Now if we take the example before, and this time define a toString method on bob - so:

bob :          { toString: function(){ return '[Bob]'; } }
  person :     { name: 'dummy', personal_details: { age: 22 } }
    Object :   { toString: function(){ return '[Object object]'; } }

If we try and read-access the toString method on bob again, this time we get:

  1. Does bob have a property called toString? Yes.

The process stops at the first hurdle and returns the toString method from bob. This means that bob.toString() will return [Bob] rather than [Object object].

As has been succinctly stated by Phant0m write requests on an object follow a different path and will never travel down the prototype chain. Understanding this is to work out the difference between what is a read, and what is a write request.

bob.toString                   --- is a read request
bob.toString = function(){}    --- is a write request
bob.personal_details           --- is a read request
bob.personal_details = {}      --- is a write request
bob.personal_details.age = 123 --- is a read request, then a write request.

The last item is the one that is causing confusion. And the process would follow this route:

  1. Does bob have a property called personal_details? No.
  2. Does person have a property called personal_details? Yes.
  3. Return the reference to { age: 22 } which is stored floating somewhere in memory.

Now a new process is started because each part of an object navigation or assignment is a new request for a property or method. So, now we have our personal_details object we switch to a write request, because a property or variable on the left had side of an = equals is always an assignment.

  1. Write the value 123 to the property age on the object { age: 22 }

So the original request could be seen as something like this:

(bob.personal_details)            --- read
    (personal_details.age = 123)  --- write

If bob had owned its own property of personal_details the process would have been the same but the target object being written to would have been different.


And finally...

Put along the lines of your question:

Its difficult to digest that properties on prototype objects are treated as READ_ONLY, but if property is an object then one can get hold of it and can freely modify its properties !! Is my understanding right ?

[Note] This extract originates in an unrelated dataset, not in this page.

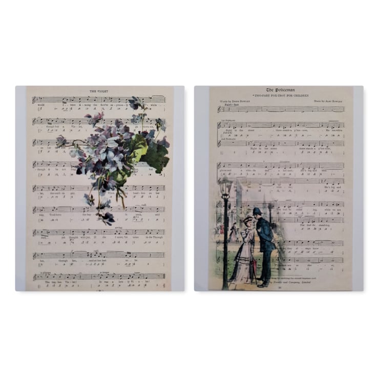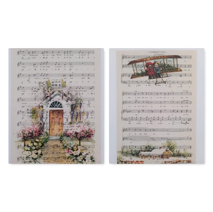 A pack of 16 x handmade correspondence cards with a music sheet and vintage image design on the front and plain white on the reverse. A6 size (14.85cm x 10.5cm), printed onto lovely white 350gsm. There are 16 different designs.
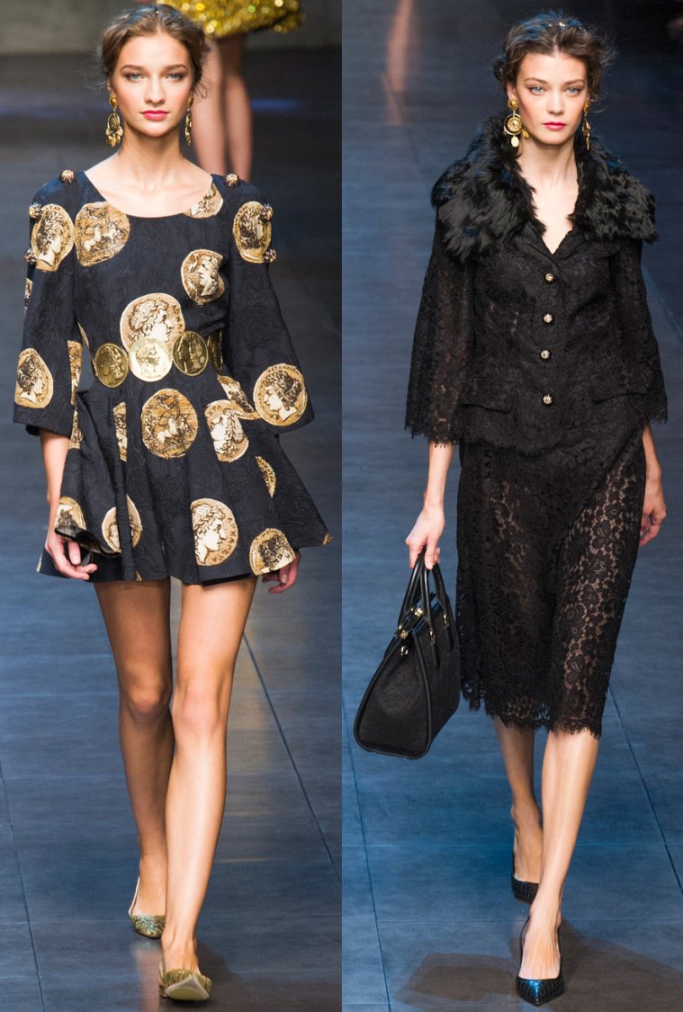 Les créateurs créent des silhouettes qui mettent l'accent sur la forme et les courbes du corps, tandis que, comme ils le croient eux-mêmes - "... le corps d'une femme ne devrait pas avoir l'air accessible". Lorsque Dolce et Gabbana créent une collection, elles partent d'un rêve, d'un fantasme. C'est probablement pourquoi chaque collection de créateurs "... est originale, audacieuse, elle a une idée et une image".

Prototyped properties are seemingly read-only, but only when accessed directly as a property of the object that is inheriting them -- because those properties don't actually exist on the inheriting object at all. If you navigate down to the prototype object itself it can then be treated just as any normal object (with read and write) because that is exactly what it is — a normal object. It might be confusing initially, but this is the nature or prototype inheritance, it's all about how you access the properties you're working with.

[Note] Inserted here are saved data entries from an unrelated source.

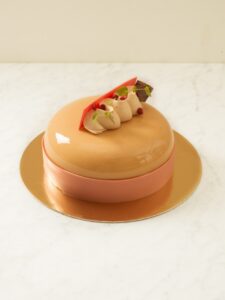 En tårta med ljuvlig sötma, smak av karamell och hallon på en mandelbotten.
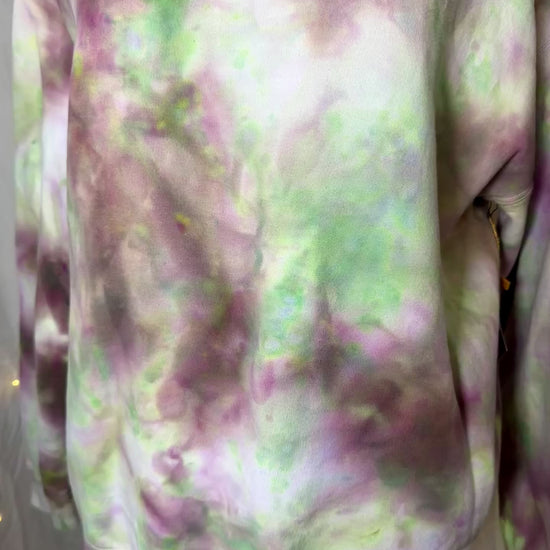 Wild Gardens features a soft, dreamy tie-dye blend of muted plum, mossy green, and creamy neutral tones, giving it an earthy, botanical feel. The dye pattern has a gentle, cloud-like flow with natural variation throughout, making this piece feel organic and serene. The overall look is calm, grounded, and wearable — perfect for everyday comfort with a touch of artistry.
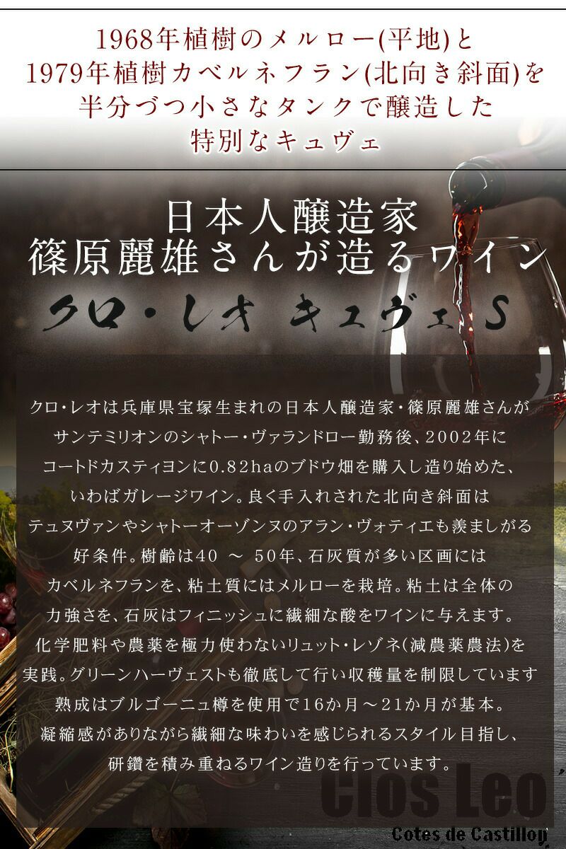 他の画像を見る 【生産量480本の希少品!日本人醸造家、篠原麗雄氏が造るボルドー】【クロ レオ キュヴェ S 2020】Clos Leoに比べると骨格がしっかりしておりメルローの柔らかさとカベルネフランの凛とした味わいが印象的 重め 辛口 クール便選択可 通常価格 ¥ 21,740 のところ 当店特別価格 ¥ 21,740 税込 1968年植樹のメルロー(平地)と1979年植樹カベルネ・フラン(北向き斜面)を半分づつ小さなタンクで醸造した特別なキュヴェ カートに入れる お気に入りに登録する
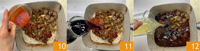 Versez la purée de tomates 10, mélangez et faites cuire 2 minutes. Ajoutez le vin 11 et faites évaporer toute la partie alcoolisée. Enfin, ajoutez le bouillon de viande 12 et portez à ébullition.
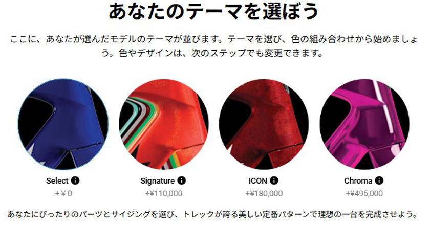 これは単に色を選ぶだけでなく、世界でただ一台、あなただけのバイクを創造するサービスです。プロレーサーと同じように、あなたがフレームのカラー、デザインパターン、そして仕上げのディテールを細部にわたって決定できます。
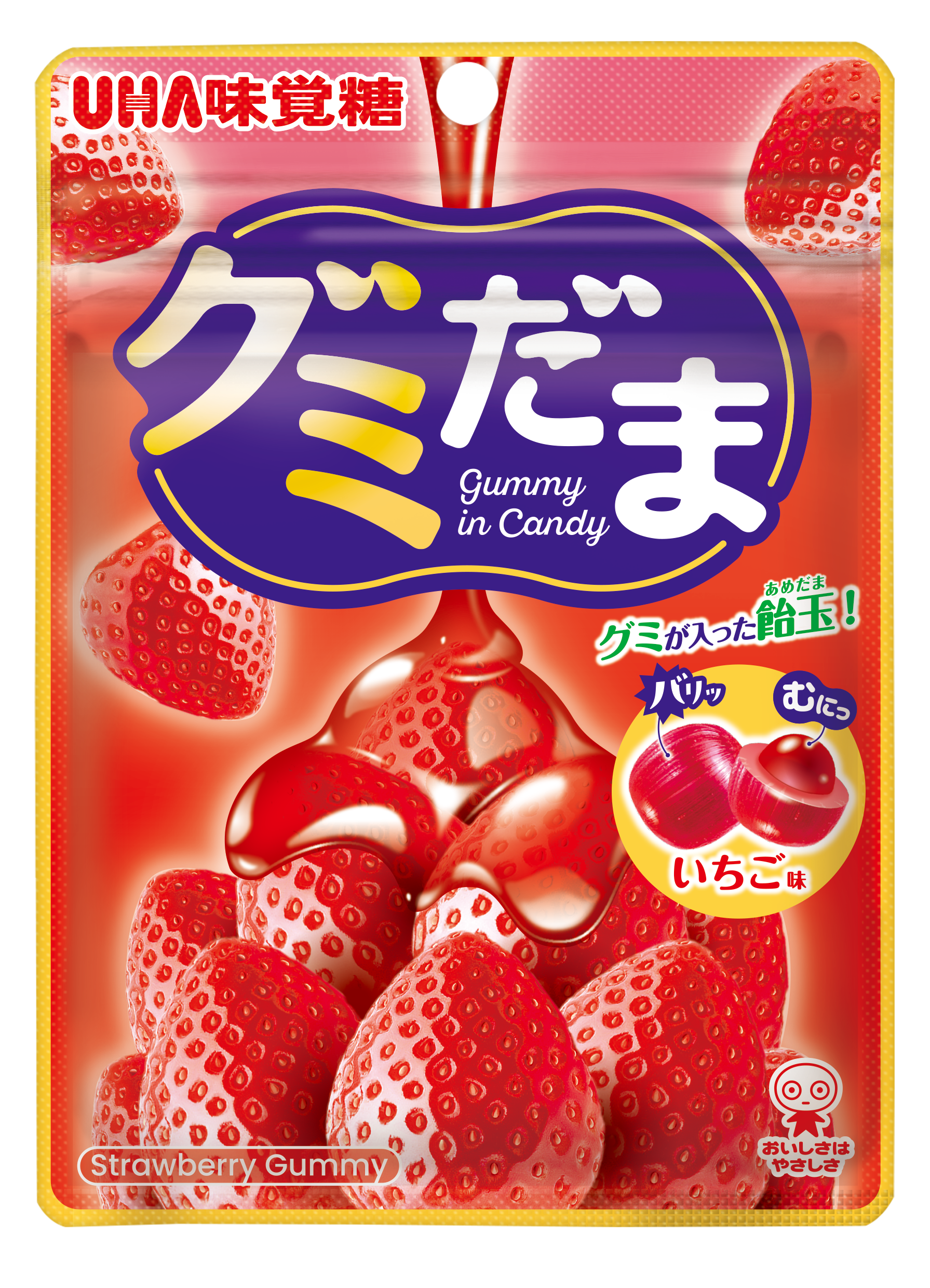 むにっと食感のグミを、キャンディでコーティング。キャンディを極限まで薄くし、グミの配合比率を高めることで、バリッと噛みやすく、中からむにっとグミが出てくるよう仕上げました。
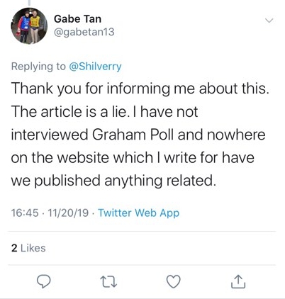 Tuy vậy, thông tin về việc BTV Grabriel Tan phỏng vấn cựu trọng tài NHA - Graham Poll là hoàn toàn sai sự thật. Theo lời Gabriel, anh đang trong chuyến du lịch Nhật Bản và không hề có bài phỏng vấn nào với vị trọng tài này.

You don't assign to a property of bob in the second case, so how could you override it?

In the case of bob.name = "bob", you bind bob's own name property.

In the second case, you don't. You access bob's personal_details property–via the prototype. You then assign to a property of that object, all connection to bob is lost by that time.

Think of it like this:

bob.personal_details.age = 23;
// equivalent
expr = bob.personal_details;
expr.age = 23; // As you can see, there's no assignment to bob

It doesn't violate any rules, because the case is completely different.

I hope that the diagram bellow is clear enough, but I'll try to explain in short what's happening.

When you create new object with Object.create you create an object with prototype the first argument of the method create. So you create bob with prototype which points to the person object. All properties of person are accessible by bob through the reference to it's prototype.

In the next picture you change bob's name. It's now bob so simply you create new slot or property of bob which name is name (now the interpreter won't check the prototype chain when looking for property name it'll directly find that bob has such property).

In the third one you change bob.personal_details.age which affects to person.personal_details.age because simply that's the same object.

At last you set the property personal_details, now bob has slot personal_details, it's not a prototype property it's a reference to another object - the anonymous one.